The two rRNA molecules found in mitochondria ribosomes are coded for in the mtDNA. while most, if not all, of the ribosomal proteins of mitochondrial ribosomes, are coded for in the nuclear genome. In general, mtDNA codes of 2 rRNAs, 22-23 (RNAs, and 10-12 proteins that are part of the inner mitochondrial membrane and are hydrophobic to some degrees. The mtDNA molecule has been studied in a variety of organisms, and since it is relatively small, a great deal of progress has been made in determining the exact organization of its genes.
One approach to mapping mtDNA physically has been through denaturation. The DNA is placed in a medium that causes stretches of AT base pairs to denature while GC-rich regions remain hydrogen-bonded. This selective denaturation leads to the formation of denaturation bubbles that can be visualized by electron microscopy. This physical map shows AT-rich regions of the DNA that can be used as landmarks in other studies.

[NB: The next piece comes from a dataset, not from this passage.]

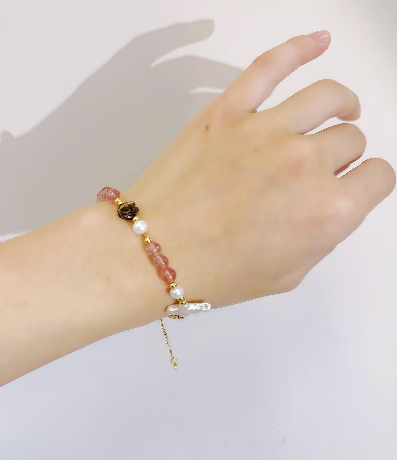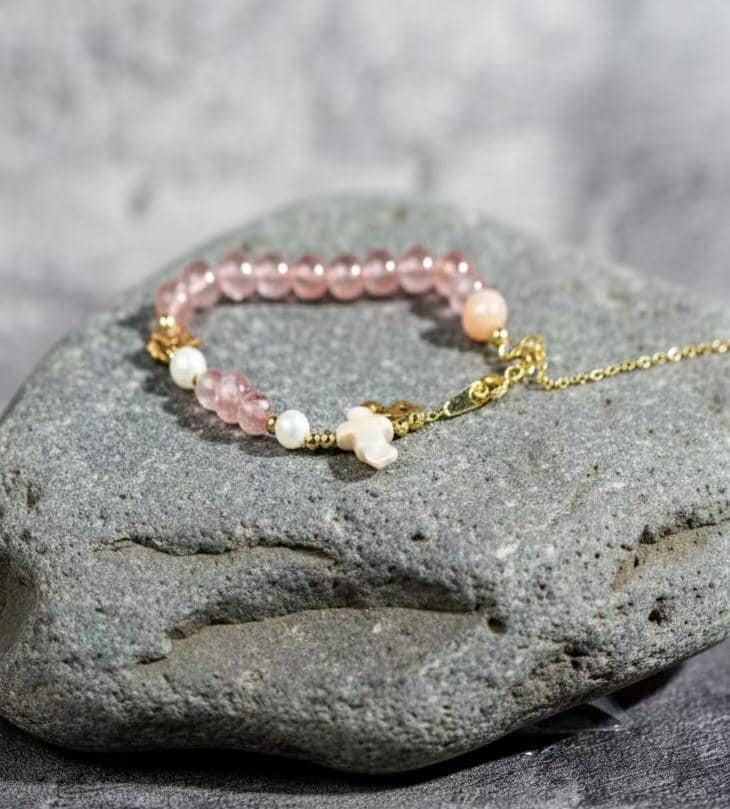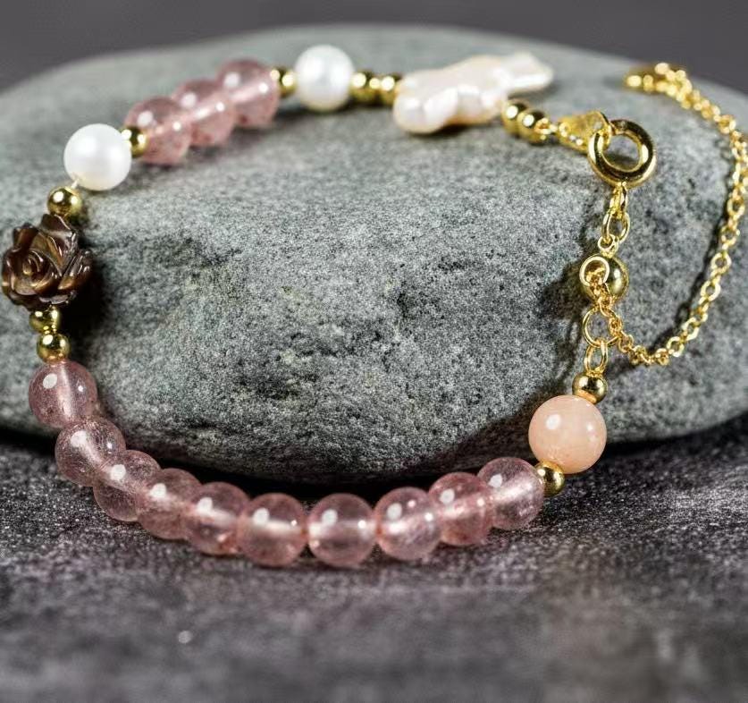 • Natural gemstones: strawberry quartz, freshwater pearls, moonstone, shell rose

The structural genes are also found in both strands. Their positions were identified in two ways. One method involved searching the DNA sequence for possible start and slop signals in the same reading frame (and open reading frame or OFR), they were separated by significant lengths and that could code for amino acids. This search was accomplished by using computer programs designed for this purpose.
The second method (used primarily by G. Attardi and his group) was to align the 5’ and 3′ end proximal sequences of mitochondrial mRNAs with the DNA sequence. The mitochondrial mRNAs were isolated and were found to have a poly (A) tail at the 3’ end but no 5′ cap. As in the case of cytoplasmic mRNAs (i.e., the mRNAs coded for by nuclear genes but found in the cytoplasm), the poly (A) tail is a great aid in isolating these molecules.